A Alep, "les rebelles n'ont plus de munitions" selon Mathieu Guidère

Les accords pris par le conseil de sécurité de l'ONU, notamment sur l'évacuation des civils, servent-ils à quelque chose?
"Il faut distinguer les accords qui se font dans les chambres de l'ONU avec la réalité sur le terrain. L'ONU n'a aucune prise sur le terrain aujourd'hui. Il n'y a aucune garantie que les civils puissent sortir. On sait que ces populations sont abandonnées. C'est une situation dramatique, terrifiante, que l'on ne souhaite à aucune ville dans le monde. Il faut prendre acte de ces massacres très graves.
Le bilan de la diplomatie française n'est vraiment pas fameux. On a raté le positionnement centriste. Jusque-là il y avait les deux superpuissances qui pouvaient faire des choses et la position française était toujours de prendre un veto et de s'opposer. Si on n'était pas engagé dans une guerre kafkaïenne, elle est vraiment ubuesque, cette guerre, on aurait pu faire un veto et s'élever massivement contre les Russes, s'élever également contre les Américains quand il le faut, prendre notre position de défenseur des droits de l'Homme, défenseur des civils. On ne peut plus le faire aujourd'hui car on est un acteur minoritaire dans un conflit qui nous dépasse complètement, sur lequel on ne peut pas influer mais dans lequel on ne peut pas avoir une position de neutralité".
Est-ce que la résistance à Alep-Est est terminée?
"Lorsque le président élu Donald Trump a annoncé qu'il s'alignerait sur la position russe immédiatement, comme il est le chef de l'Alliance atlantique, la quasi-totalité de l'Alliance atlantique a cessé la livraison d'armes et de munitions à l'opposition armée. De l'autre côté, les alliés de cette alliance, c'est-à-dire les pays arabes et musulmans, ont cessé également. Or, jusque-là l'opposition tenait parfaitement Alep. Mais pour tenir, il faut des armes et des munitions, surtout des munitions.

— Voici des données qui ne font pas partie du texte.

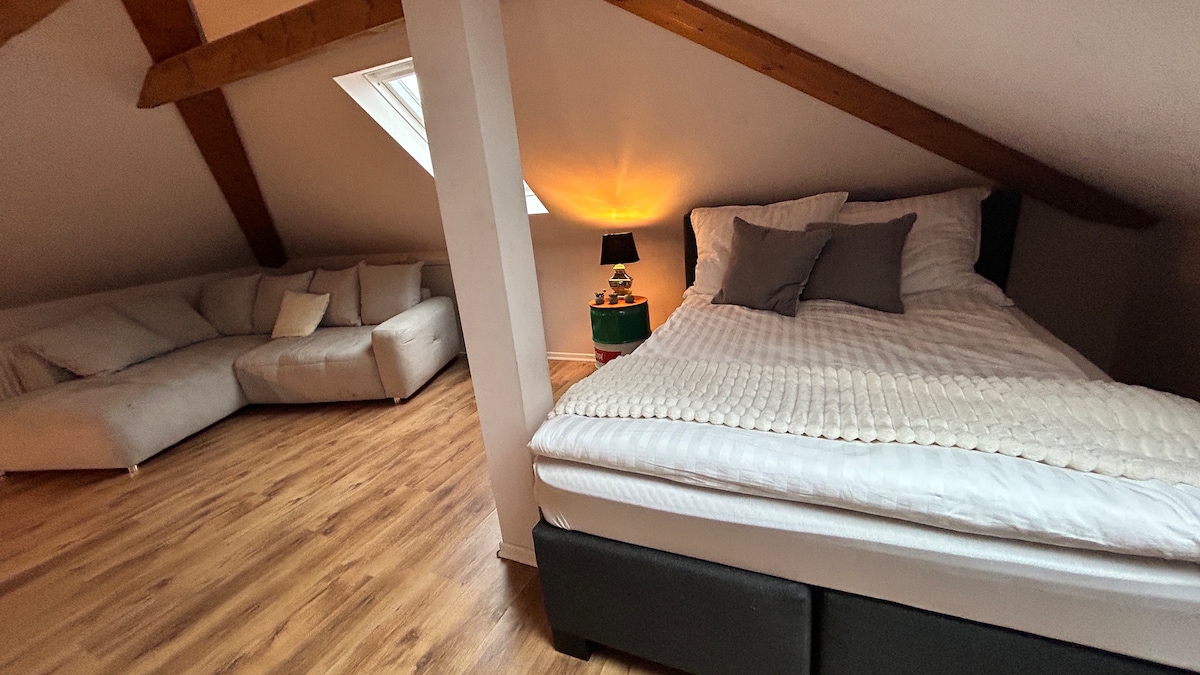 Aquest pis és el resultat de la passió pel disseny d'interiors, el factor divertit d'allotjar hostes i moltes, moltes hores de treball com a constructor d'habitatges. Nosaltres, Lisa i Heinrich, et donem la benvinguda a Bad Bentheim. El nostre encantador pis té una ubicació cèntrica i ofereix molt d'espai per relaxar-se i deixar-te anar uns 70 m2. El caràcter únic del loft és ideal per a una estada de 2 persones amb la possibilitat d'allotjar una tercera persona.
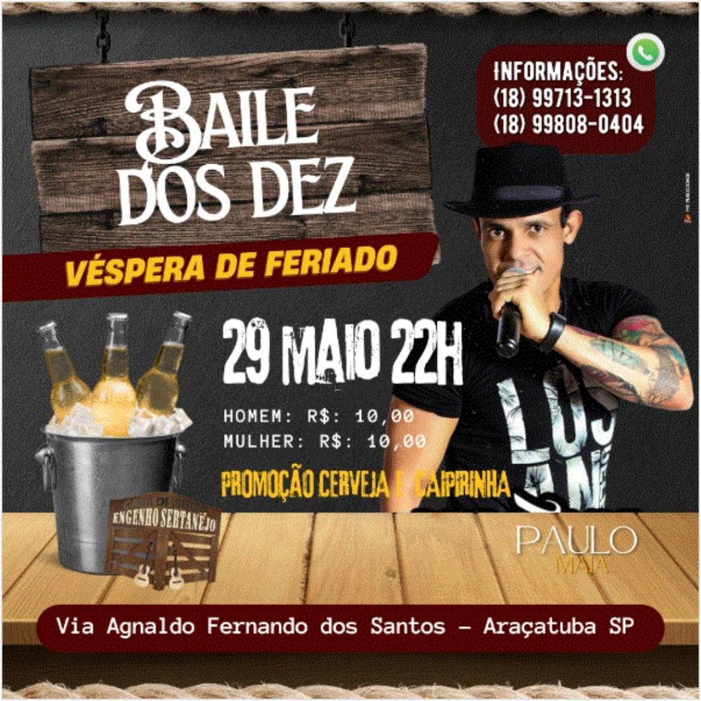 Baile dos Dez amanhã,(Quarta Feira), feriadão de Maio!

Pour vous donner un exemple, pour tenir un quartier d'Alep juste une semaine il vous faut entre 10.000 et 15.000 cartouches. Il faut donc nourrir systématiquement le conflit, ce qui a été fait. Jusque là, ce sont les pays de la région qui ont servi de relais pour donner les munitions. Or, depuis l'élection de Trump, la realpolitik a repris ses droits. La quasi-totalité des soutiens de l'opposition se sont retirés, ce qui fait qu'ils n'ont plus de munitions en fait.
Ce front était stabilisé depuis 2012. Il était stabilisé car les deux parties prenantes du conflit étaient fournies en munitions et armes. Or, le lâchage de cette opposition fait que tout s'effondre d'un coup. Ça se fait de façon terrifiante. Les forces spéciales des deux côtés pointent un monument ou un bâtiment, les avions arrivent et tapent sur le bâtiment, il s'écroule et ils avancent. C'est une sorte de bulldozer. Les civils sont massacrés. Il n'y a plus de solution car il n'y a plus ni armes ni munitions".
Le régime de Bachar al-Assad a-t-il gagné cette guerre?